Supplied material »

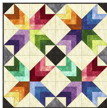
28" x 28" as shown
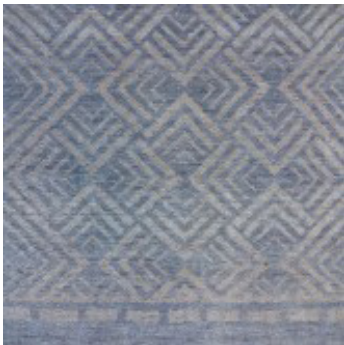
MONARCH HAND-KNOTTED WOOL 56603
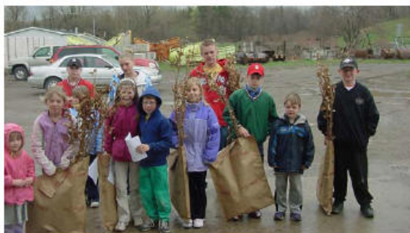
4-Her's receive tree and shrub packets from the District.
==
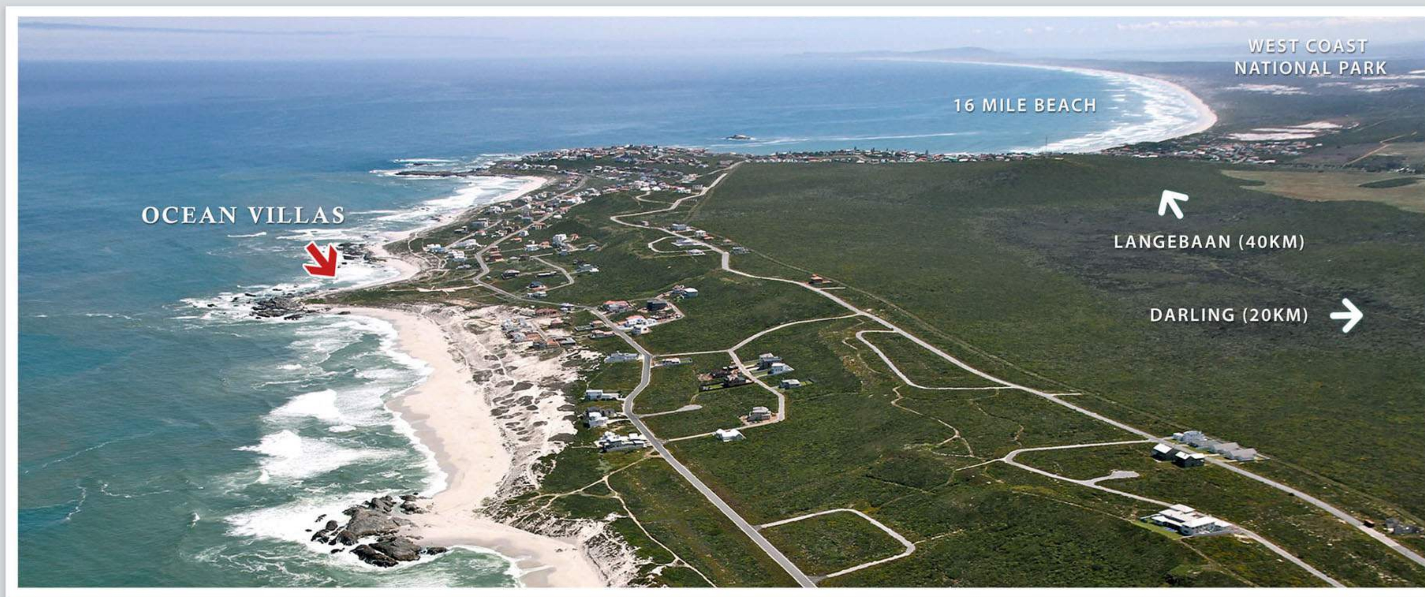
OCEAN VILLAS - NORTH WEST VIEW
==
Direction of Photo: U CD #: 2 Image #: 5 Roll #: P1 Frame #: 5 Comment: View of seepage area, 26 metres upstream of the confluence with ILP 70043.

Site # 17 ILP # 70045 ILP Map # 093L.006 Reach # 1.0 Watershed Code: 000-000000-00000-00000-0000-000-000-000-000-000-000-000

Task prompt » Only the lines above starting at the one containing "Direction of Photo: U" and ending at the one containing "Site # 17 ILP", both included, are to be returned, exactly as they read.

Answer to this task »
Direction of Photo: U CD #: 2 Image #: 5 Roll #: P1 Frame #: 5 Comment: View of seepage area, 26 metres upstream of the confluence with ILP 70043.

Site # 17 ILP # 70045 ILP Map # 093L.006 Reach # 1.0 Watershed Code: 000-000000-00000-00000-0000-000-000-000-000-000-000-000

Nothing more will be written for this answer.